- DESCRIPTION OF THE TASK:
Write out the data exactly from its first line onward, ending with the line in which "照片上的小姑娘12岁,她每天" appears.

- DATA UNDER STUDY:
· · ·

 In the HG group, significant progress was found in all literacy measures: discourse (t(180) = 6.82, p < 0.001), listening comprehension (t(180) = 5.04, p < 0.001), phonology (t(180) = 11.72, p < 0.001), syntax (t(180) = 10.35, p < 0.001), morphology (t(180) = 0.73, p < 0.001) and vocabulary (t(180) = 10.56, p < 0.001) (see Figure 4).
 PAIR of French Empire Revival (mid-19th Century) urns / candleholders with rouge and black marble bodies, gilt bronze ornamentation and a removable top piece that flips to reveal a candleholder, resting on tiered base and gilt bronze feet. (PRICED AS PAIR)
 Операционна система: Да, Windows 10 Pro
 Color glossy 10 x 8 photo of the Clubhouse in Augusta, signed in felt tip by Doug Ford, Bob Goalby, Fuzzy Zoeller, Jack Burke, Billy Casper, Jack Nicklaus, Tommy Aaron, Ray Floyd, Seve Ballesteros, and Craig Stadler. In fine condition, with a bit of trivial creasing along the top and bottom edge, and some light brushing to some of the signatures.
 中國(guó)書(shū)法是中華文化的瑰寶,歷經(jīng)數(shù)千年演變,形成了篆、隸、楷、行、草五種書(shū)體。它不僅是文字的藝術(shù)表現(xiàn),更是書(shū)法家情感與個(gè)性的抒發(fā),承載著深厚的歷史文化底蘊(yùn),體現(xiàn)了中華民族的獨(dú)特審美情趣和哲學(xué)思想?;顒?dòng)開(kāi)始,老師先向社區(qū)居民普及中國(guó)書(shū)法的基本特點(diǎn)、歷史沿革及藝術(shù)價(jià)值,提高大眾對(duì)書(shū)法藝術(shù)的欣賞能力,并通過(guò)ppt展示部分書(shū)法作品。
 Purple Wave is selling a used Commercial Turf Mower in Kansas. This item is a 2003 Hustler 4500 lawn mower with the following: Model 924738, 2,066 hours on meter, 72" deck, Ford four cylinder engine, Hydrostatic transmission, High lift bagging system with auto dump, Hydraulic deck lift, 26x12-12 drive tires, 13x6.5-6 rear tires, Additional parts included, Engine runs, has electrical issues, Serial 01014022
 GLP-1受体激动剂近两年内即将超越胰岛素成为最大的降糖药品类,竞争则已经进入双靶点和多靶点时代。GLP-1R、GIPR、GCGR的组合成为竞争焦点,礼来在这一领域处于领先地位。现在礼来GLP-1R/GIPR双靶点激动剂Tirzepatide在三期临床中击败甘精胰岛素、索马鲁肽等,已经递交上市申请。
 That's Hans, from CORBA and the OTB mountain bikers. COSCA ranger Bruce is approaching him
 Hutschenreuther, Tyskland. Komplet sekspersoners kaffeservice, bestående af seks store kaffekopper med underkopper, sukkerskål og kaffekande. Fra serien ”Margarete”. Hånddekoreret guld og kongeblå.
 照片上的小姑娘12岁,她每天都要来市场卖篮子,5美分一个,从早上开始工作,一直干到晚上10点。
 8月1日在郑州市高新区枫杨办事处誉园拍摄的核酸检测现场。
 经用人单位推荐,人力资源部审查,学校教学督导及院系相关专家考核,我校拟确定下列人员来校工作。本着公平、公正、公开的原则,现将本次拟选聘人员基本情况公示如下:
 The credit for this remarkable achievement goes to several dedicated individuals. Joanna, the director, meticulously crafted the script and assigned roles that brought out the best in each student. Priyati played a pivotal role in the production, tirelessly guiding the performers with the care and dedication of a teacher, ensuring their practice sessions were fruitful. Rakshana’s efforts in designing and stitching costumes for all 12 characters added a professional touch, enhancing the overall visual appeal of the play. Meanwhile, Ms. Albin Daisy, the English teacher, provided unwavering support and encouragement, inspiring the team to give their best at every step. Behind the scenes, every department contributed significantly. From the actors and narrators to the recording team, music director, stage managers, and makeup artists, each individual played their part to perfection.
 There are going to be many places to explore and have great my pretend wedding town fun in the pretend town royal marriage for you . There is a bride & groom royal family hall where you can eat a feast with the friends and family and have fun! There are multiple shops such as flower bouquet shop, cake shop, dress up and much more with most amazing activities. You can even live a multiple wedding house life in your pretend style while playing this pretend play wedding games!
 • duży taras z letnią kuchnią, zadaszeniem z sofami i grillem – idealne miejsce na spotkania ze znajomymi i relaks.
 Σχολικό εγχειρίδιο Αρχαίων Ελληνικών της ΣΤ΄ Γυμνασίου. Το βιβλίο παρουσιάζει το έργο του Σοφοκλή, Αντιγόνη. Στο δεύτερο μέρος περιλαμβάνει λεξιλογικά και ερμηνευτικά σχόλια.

· · ·

- RESULT BELOW:
 In the HG group, significant progress was found in all literacy measures: discourse (t(180) = 6.82, p < 0.001), listening comprehension (t(180) = 5.04, p < 0.001), phonology (t(180) = 11.72, p < 0.001), syntax (t(180) = 10.35, p < 0.001), morphology (t(180) = 0.73, p < 0.001) and vocabulary (t(180) = 10.56, p < 0.001) (see Figure 4).
 PAIR of French Empire Revival (mid-19th Century) urns / candleholders with rouge and black marble bodies, gilt bronze ornamentation and a removable top piece that flips to reveal a candleholder, resting on tiered base and gilt bronze feet. (PRICED AS PAIR)
 Операционна система: Да, Windows 10 Pro
 Color glossy 10 x 8 photo of the Clubhouse in Augusta, signed in felt tip by Doug Ford, Bob Goalby, Fuzzy Zoeller, Jack Burke, Billy Casper, Jack Nicklaus, Tommy Aaron, Ray Floyd, Seve Ballesteros, and Craig Stadler. In fine condition, with a bit of trivial creasing along the top and bottom edge, and some light brushing to some of the signatures.
 中國(guó)書(shū)法是中華文化的瑰寶,歷經(jīng)數(shù)千年演變,形成了篆、隸、楷、行、草五種書(shū)體。它不僅是文字的藝術(shù)表現(xiàn),更是書(shū)法家情感與個(gè)性的抒發(fā),承載著深厚的歷史文化底蘊(yùn),體現(xiàn)了中華民族的獨(dú)特審美情趣和哲學(xué)思想?;顒?dòng)開(kāi)始,老師先向社區(qū)居民普及中國(guó)書(shū)法的基本特點(diǎn)、歷史沿革及藝術(shù)價(jià)值,提高大眾對(duì)書(shū)法藝術(shù)的欣賞能力,并通過(guò)ppt展示部分書(shū)法作品。
 Purple Wave is selling a used Commercial Turf Mower in Kansas. This item is a 2003 Hustler 4500 lawn mower with the following: Model 924738, 2,066 hours on meter, 72" deck, Ford four cylinder engine, Hydrostatic transmission, High lift bagging system with auto dump, Hydraulic deck lift, 26x12-12 drive tires, 13x6.5-6 rear tires, Additional parts included, Engine runs, has electrical issues, Serial 01014022
 GLP-1受体激动剂近两年内即将超越胰岛素成为最大的降糖药品类,竞争则已经进入双靶点和多靶点时代。GLP-1R、GIPR、GCGR的组合成为竞争焦点,礼来在这一领域处于领先地位。现在礼来GLP-1R/GIPR双靶点激动剂Tirzepatide在三期临床中击败甘精胰岛素、索马鲁肽等,已经递交上市申请。
 That's Hans, from CORBA and the OTB mountain bikers. COSCA ranger Bruce is approaching him
 Hutschenreuther, Tyskland. Komplet sekspersoners kaffeservice, bestående af seks store kaffekopper med underkopper, sukkerskål og kaffekande. Fra serien ”Margarete”. Hånddekoreret guld og kongeblå.
 照片上的小姑娘12岁,她每天都要来市场卖篮子,5美分一个,从早上开始工作,一直干到晚上10点。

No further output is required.